In February 2008, the German Intelligence Service laid its hands on a CD with stolen data containing confidential information on foreign clients of the Liechtenstein bank LGT--Liechtenstein Global Trust. Hundreds of Germans, including the Deutsche Post chief executive Klaus Zumwinkel, were either arrested or reported to tax authorities for tax evasion.
German authorities allegedly paid the thief, Liechtenstein citizen Heinrich Kieber, 4 million [euro] and gave him a new identity. Liechtenstein made an official request to the German authorities for information and legal assistance in the case.
Standing on his balcony overlooking the Rhine valley, author Stefan Sprenger calls it the worst crisis Liechtenstein has ever confronted.
"If you could measure it on a Richter scale, this crisis surpasses [a] 10. There is nothing new in being attacked for our role as a tax haven by other states. It is however the first time that the system is being corrupted from within."
Sprenger notes it was a Liechtenstein citizen who stole the data and gave the information to German authorities. "Most people know Heinrich Kieber personally; he went to school with my brother. He had gotten himself into a social and financial mess."
The author adds that data-thief Heinrich Kieber may not be such a rarity.
He says there are employees of modest income in the Liechtenstein banking system that think they should profit from the excessive margins of banks and lawyers.
"They are starting to blackmail the financial institutions.

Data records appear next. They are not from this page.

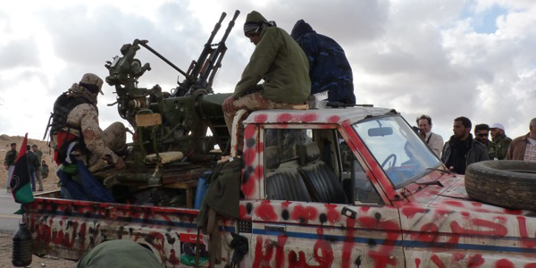 On the long highway between Benghazi and points west, it's sometimes hard to know where exactly the "front line" is. In our big red Ford Flex SUV, we'd drive along that highway -- a lone road through the desert -- to the top of one hill, where a lot of guys were standing around holding Kalashnikovs and other weapons. We'd stop, roll down the window, and ask what was going on. If things looked interesting, we'd get out, talk to people, and take photos. And then we'd see other guys on top of the next hill a kilometer or two down the road, maybe with a Grad rocket launcher on it or some pickup trucks with anti-aircraft guns, so we'd drive on to that hill, after convincing our driver it was a good idea. And so on. We were about 15 to 20 kilometers east of Brega and about 55 km west of Ajdabiyah.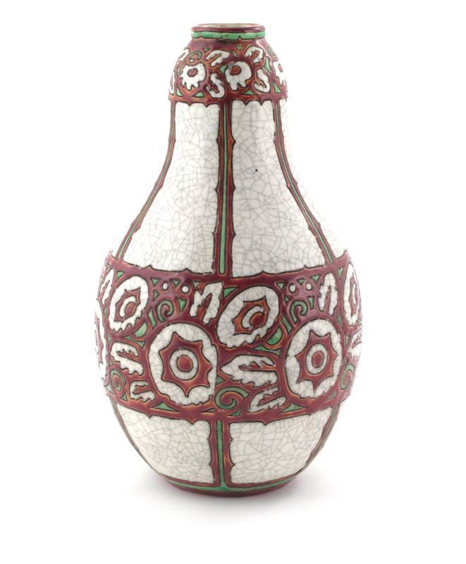 A Boch Freres Keramis vase, designed by Charles Catteau, model no.D983, enamelled with panels of geometric flowers, in red and green on a crackled white ground printed marks, facsimile signature 29cm. high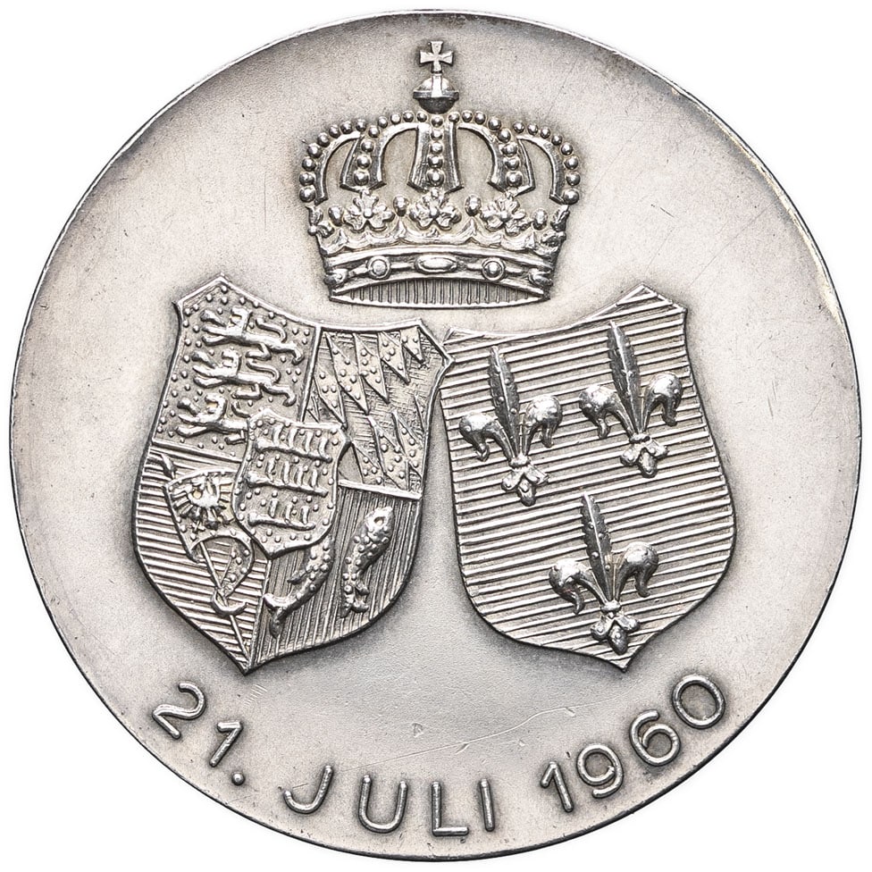 - GERMANY Wurtemberg, Charles duc héréditaire (1959-1975). Médaille, mariage de Charles duc héréditaire de Wurtemberg et Diane d’Orléans, par Fahrner 1960.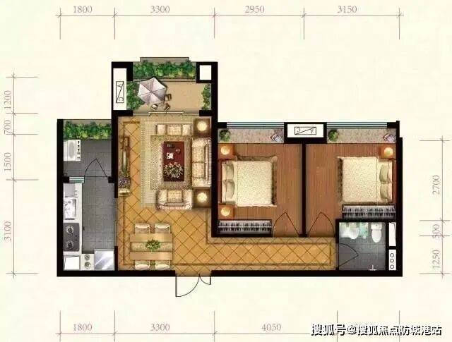 两房两厅一卫,超大的山湖景观阳台,双阳台设计使得空间灵活多变,可根据家庭结构变化需求调整布局,适合二人世界或三口之家。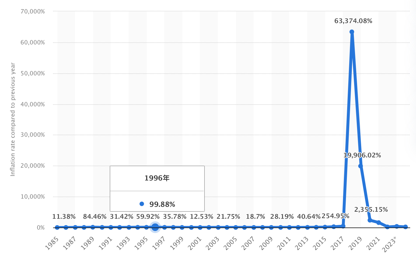 2023 年委內瑞拉物價上漲 193%,2022 年通膨率為 186%。早在 2017 年委內瑞拉通膨就已失控,較前一年漲四倍多。那年後因委內瑞拉經濟崩潰,只能透過估計計算通貨膨脹率,外界估算 2019~2021 年委國通膨率都是四位數上漲。

A system based on this form of secrecy, where this amount of money is involved, bears the danger of corruption in its core. At the end of the day, there could be a Heinrich Kieber in all of us."
Banking on secrecy
According to the Liechtenstein Bankers Association, the principality's 15 banks have a total asset volume of SFr 200 billion under management, which would represent about 0.5 per cent of private assets in Swiss banks. Four of the Liechtenstein banks are Austrian and three of them Swiss; there is a fair amount of cross-border financial activity. All three countries have banking secrecy.
This particular bank, LGT, belongs to Liechtenstein Prince Hans Adam II.
"The prince," says opposition leader Paul Vogt of the Freie Liste, "is all too happy to switch roles between political leader and major bank owner, which my party considers a flawed attitude."
As it happened, Germany's action could strike at the heart of both the sovereignty of Liechtenstein and its economy.
Liechtenstein stands alone. Although the attack indirectly touches Switzerland too, and the theft is an infraction of international law, no other country came to Liechtenstein's defence.
With 160 square kilometres and 35,000 inhabitants, it hardly represents a political force to be reckoned with. In fact, its democratic values have been criticised by the Council of Europe, which has 47 member-countries. Although the prince officially shares power with the people, in reality he seems to have the final word, deciding whether to sign a bill into law, appoint and fire judges, even dismissing the government if he chooses.
In 2003, the Council said Liechtenstein had taken a step back in democratic values and considered monitoring the principality, however the country continues to be a full member.
The status quo is supported by a comfortable majority of its citizens. And as long as international political pressure remains limited and the population is happy, other items may be expected to continue to dominate the agenda.
Not a crime
Cutting deeper than these philosophical differences, however, is the European Union's dispute with Liechtenstein taxation laws.
Countries like Germany say Liechtenstein should not offer banking services that help their citizens avoid paying taxes at home.
In Liechtenstein, an individual's tax declarations are being taken on faith by the state, says Beatrice Noll-Schurti, director of the Treuhander Verein (Association of Financial Trustees). The failure to declare items on a tax form is treated as an administrative error rather than the crime it is considered to be in EU countries.
Liechtenstein's former justice minister, Heinz Frommelt, a lawyer, understands the frustration with Liechtenstein offering banking services to German clients who would be considered criminal tax evaders under German law.
By the same token, his country considers the Germans' illicit use of stolen data as equally criminal.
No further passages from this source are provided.